Moçambique, uma origem comum
Menck acredita que está na pista da provável mutação, que parece ser diferente das já conhecidas, e ainda este ano ele pretende iniciar o sequenciamento de um conjunto de genes de 18 moradores de Araras em busca de alterações nos oito genes de reparo de DNA já associados à doença. "A caracterização de uma mutação pode ajudar a identificar o problema precocemente, dando diretrizes sobre como as pessoas e as famílias devem ser acompanhadas, para evitar que a doença se agrave", diz a médica Maria Isabel Achatz, do Hospital do Câncer A.C. Camargo, em São Paulo.

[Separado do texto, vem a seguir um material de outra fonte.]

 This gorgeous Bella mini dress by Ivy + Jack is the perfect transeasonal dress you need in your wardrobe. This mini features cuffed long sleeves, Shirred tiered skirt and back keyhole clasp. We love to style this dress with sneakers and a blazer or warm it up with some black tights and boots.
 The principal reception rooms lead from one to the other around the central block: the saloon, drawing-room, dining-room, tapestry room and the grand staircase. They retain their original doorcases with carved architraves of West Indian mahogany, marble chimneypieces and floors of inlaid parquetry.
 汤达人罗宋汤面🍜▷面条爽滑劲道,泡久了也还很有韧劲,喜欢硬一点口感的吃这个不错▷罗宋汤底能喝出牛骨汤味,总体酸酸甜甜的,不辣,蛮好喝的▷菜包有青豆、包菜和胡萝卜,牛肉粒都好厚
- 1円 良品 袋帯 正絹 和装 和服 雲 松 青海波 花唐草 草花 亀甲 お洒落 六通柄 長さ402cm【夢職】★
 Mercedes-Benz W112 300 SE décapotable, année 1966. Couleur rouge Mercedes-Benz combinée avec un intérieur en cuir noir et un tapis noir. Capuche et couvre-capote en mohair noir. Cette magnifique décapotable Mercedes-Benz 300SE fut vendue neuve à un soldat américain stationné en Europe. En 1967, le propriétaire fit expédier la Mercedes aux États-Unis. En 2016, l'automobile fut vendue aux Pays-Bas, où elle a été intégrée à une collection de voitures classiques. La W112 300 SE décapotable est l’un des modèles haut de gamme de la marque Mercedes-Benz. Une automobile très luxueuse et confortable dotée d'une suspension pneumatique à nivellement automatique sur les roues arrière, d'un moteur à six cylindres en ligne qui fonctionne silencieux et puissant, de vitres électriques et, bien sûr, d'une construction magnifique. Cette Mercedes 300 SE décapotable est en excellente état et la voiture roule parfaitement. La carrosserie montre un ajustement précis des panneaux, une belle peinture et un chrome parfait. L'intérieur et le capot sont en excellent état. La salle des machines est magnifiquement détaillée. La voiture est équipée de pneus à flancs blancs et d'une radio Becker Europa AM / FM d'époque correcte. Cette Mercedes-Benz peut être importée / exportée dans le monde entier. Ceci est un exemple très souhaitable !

"Ao menos um dos oito genes com mutações que causam XP deve ter vindo com os escravos de Moçambique", diz Menck. Com sua equipe, ele identificou a mutação responsável pela doença em três famílias brasileiras, mas, reconhece, "o ganho para os pacientes, em termos de tratamento, foi muito pequeno, infelizmente". A seu ver, talvez o benefício para os moradores de Araras seja maior, ao indicar a origem genética e a evolução possível da doença. Historicamente, o povoado começou a se formar por volta de 1705 com a chegada das famílias Freire, Jardim e Gonçalves, que compraram terras na região, pertencente ao município de Faina. "Dona Clementina, uma matriarca do povoado, dizia que o avô dela, Augusto Gomes, tinha a 'pele ruim', indicando que os primeiros casos de xeroderma podem ter surgido há pelo menos 150 anos, provavelmente por meio de casamentos entre primos", diz ele. Clementina Gomes Jardim morreu aos 102 anos, em 2010, sem a doença transmitida para alguns de seus filhos e netos.

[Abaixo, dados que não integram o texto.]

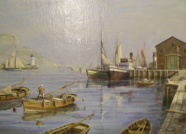 A harbour scene in sunlight with a fisherman pulling his floats, light house and cliffs behind
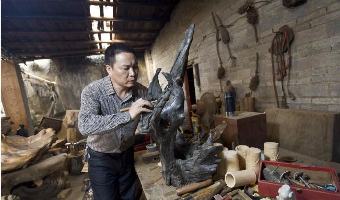 神鼎山镇苏文胜近年来浸淫于阴沉木雕刻技艺,其雕刻的“天问”屈原像在第14届全国工业美术大师作品展上获得银奖,这也是我国首件屈原乌木雕件,他本人也凭此作品被认定为省工业雕塑大师。
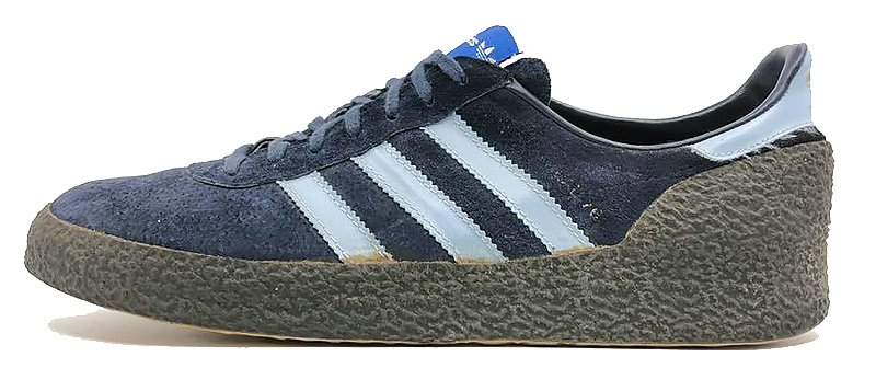 1976年モデルのモントリオール76、西ドイツ製です。こちらは踵のヒールカウンターが大きく、当時は非常に不人気なシューズでした。このため結構残っていることが多く、モントリオールの中では見つけやすいシューズとなっています。最初のモデルは紺に水色のラインのみ発売されました。後半になるとベロにトレフォイルマークが付くようになります。
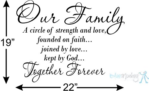 -. Binding : Tools & Home Improvement -. Brand : FOAL -. Label : FOAL -. Manufacturer : FOAL -. Model : Teju-Parent -. ProductGroup : Home Improvement -. ProductTypeName : BUILDING_MATERIAL -. Publisher : FOAL -. Studio : FOAL -. Title : Our Family a Circle of Strength and Love Wall Vinyl Sticker Decal Home Decor Lettering By Blue Monkey Graphics
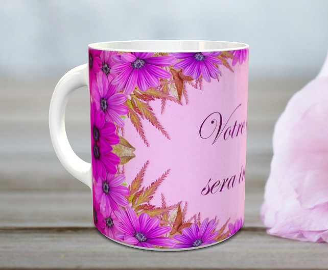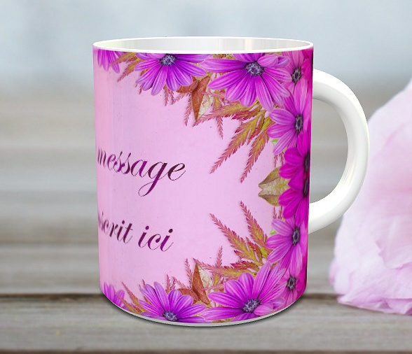 Mug fleuri rose pour offrir - Tasse cadeau avec messages personnalisés - REF. 36892 (9.90 €)
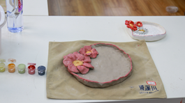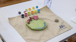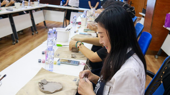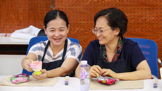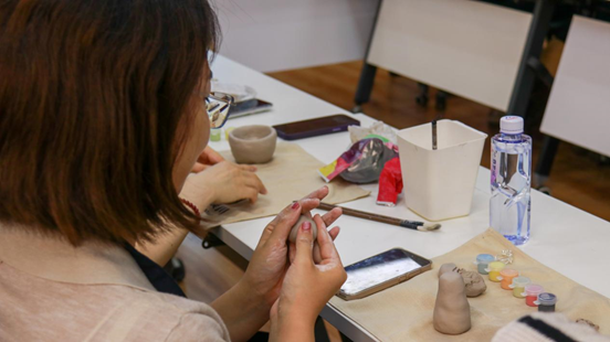 在专业人员的指导下,老师们纷纷化身“手作达人”,开始制作独属自己的陶瓷工艺品。拿出泥土,在桌上重重拍打,反复用手按压,老师们全神贯注地投入到制作流程中,在手工乐趣中释放教学研究与行政管理工作中的压力。作品初具雏形之后,老师们拿起画笔与颜料开始在泥土上描摹,将情思注入灰色的泥土中,赋予其活泼天真的生命力。
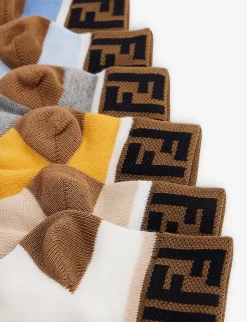 FENDI Branded-cuff Ankle-length Pack Of Seven Cotton-blend Socks
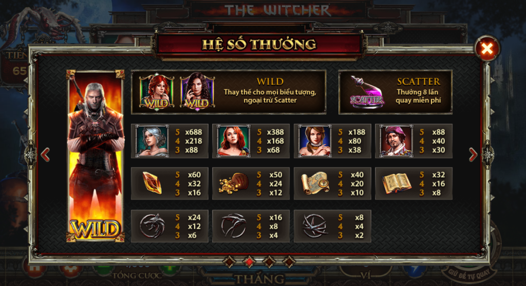 Hệ số trúng thưởng của The Witcher may88 vip cụ thể như sau:
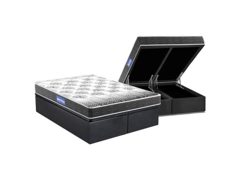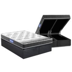 Cama Box Baú King: Colchão Espuma Probel D20 Guarda Costas Resistente Black + Base CRC Suede Gray(193x203)
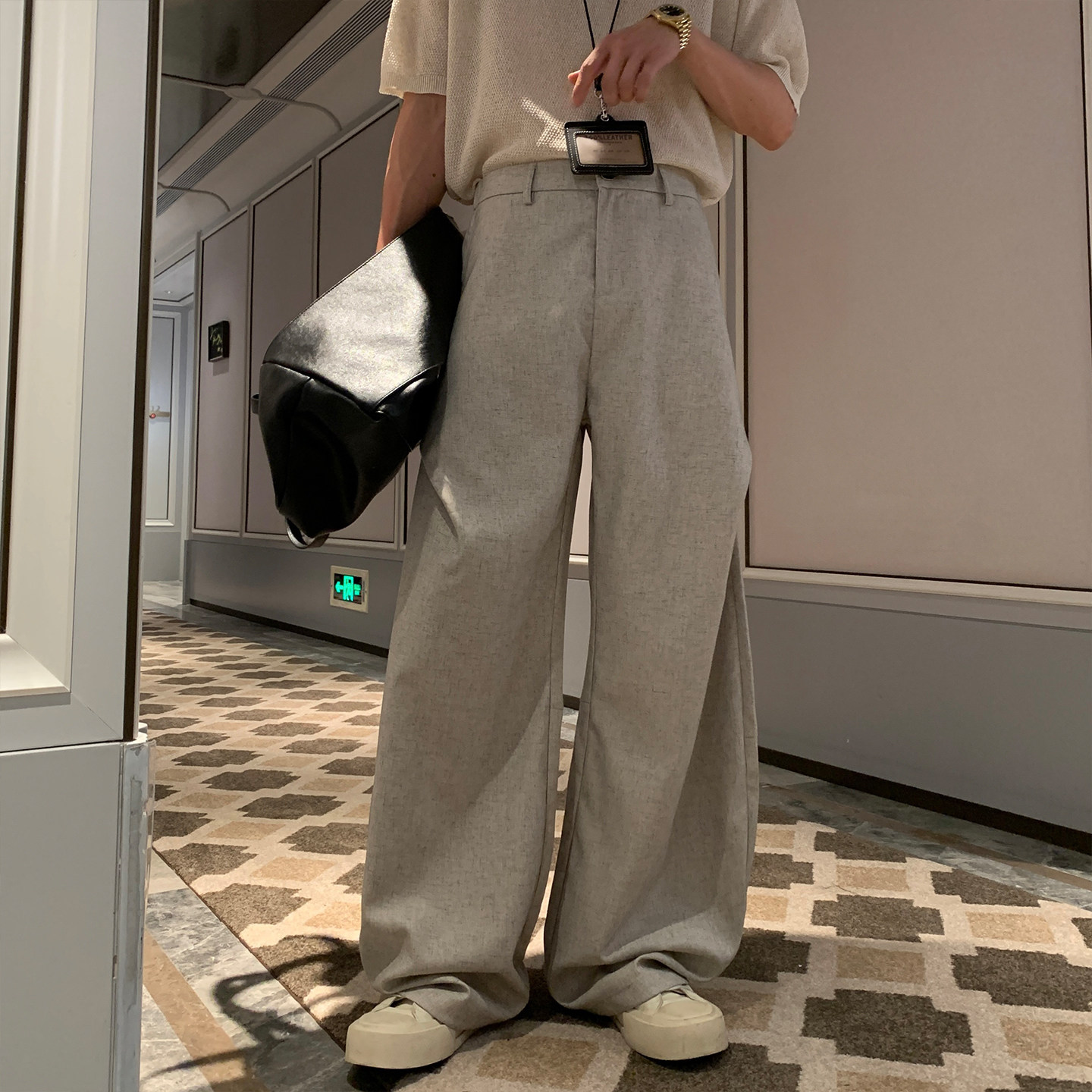 Hualun夏季薄款亚麻休闲裤男款直筒裤男士夏天裤子韩版百搭阔腿裤

Em 1963 chegaram mais seis famílias, vindas de Hidrolândia, município a 240 quilômetros de distância. Aos 71 anos, magro, baixo, sorriso largo, Lázaro Alexandre da Silva chegou nesse ano e se lembra de ter visto familiares com o que chamavam de câncer de pele. Ele próprio tem uma forma leve de xeroderma, que lhe deixou manchas escuras nos dois pés, entre os tornozelos: "Difícil curar", ele diz.

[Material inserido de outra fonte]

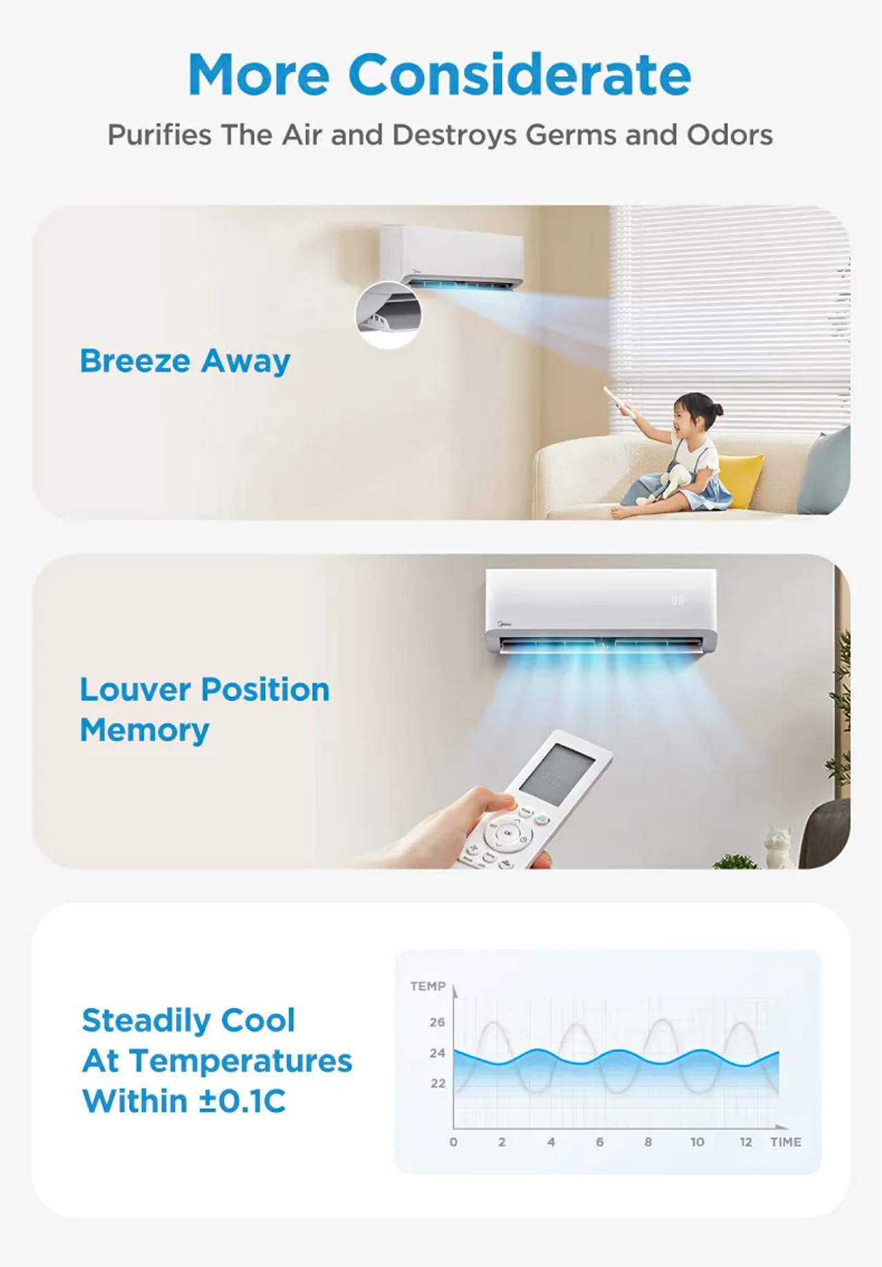 Lowers the temperature by 6°C in just 10 mins. - I-Clean + Air Magic

Aparentemente Lázaro Silva não se abate: quem tem doenças que afetam a aparência normalmente convive com a discriminação, mas em Araras as pessoas com XP, mesmo em estágio avançado, são tratadas com naturalidade, trabalham e convivem com os amigos e familiares. Todo dia ele acorda antes das seis da manhã para ordenhar as vacas, atualmente 16, que nesta época de seca lhe rendem 20 litros de leite. Sua esposa, Divina Rosa da Silva, baixa, encorpada, de intensos olhos azuis, às vezes assume o lugar do marido, sobe na charrete e leva o leite do dia ao laticínio do povoado. Ela sabe: "O sol não faz bem para ele. Quando ele está muito no sol, tem tonteira. Ele tem pressão baixa".
Fugindo do sol
Para evitar o sol e adiar o aparecimento dos sintomas, as pessoas com XP usam – ou deveriam usar – roupas longas, de preferência com alta capacidade para filtrar a radiação ultravioleta, bonés ou chapéus largos, óculos escuros e protetores solares com fator de proteção solar mínimo de 60. A equipe de Menck, em colaboração com uma empresa de cosméticos, comparou a eficiência de 17 produtos comerciais, com fator de proteção de 1,5 a 60, e concluiu que em geral os protetores solares são eficientes para proteger contra os efeitos indesejados da radiação ultravioleta.
O acesso aos cremes, porém, nem sempre é fácil. "Muitos pacientes chegam aqui em estado grave porque não têm dinheiro para comprar protetor solar", conta Maria Isabel. "Seria fundamental que o fornecimento de filtro solar fosse gratuito para todos que têm xeroderma pigmentosum no Serviço Único de Saúde (SUS). O custo seria muito menor do que o tratamento de um melanoma."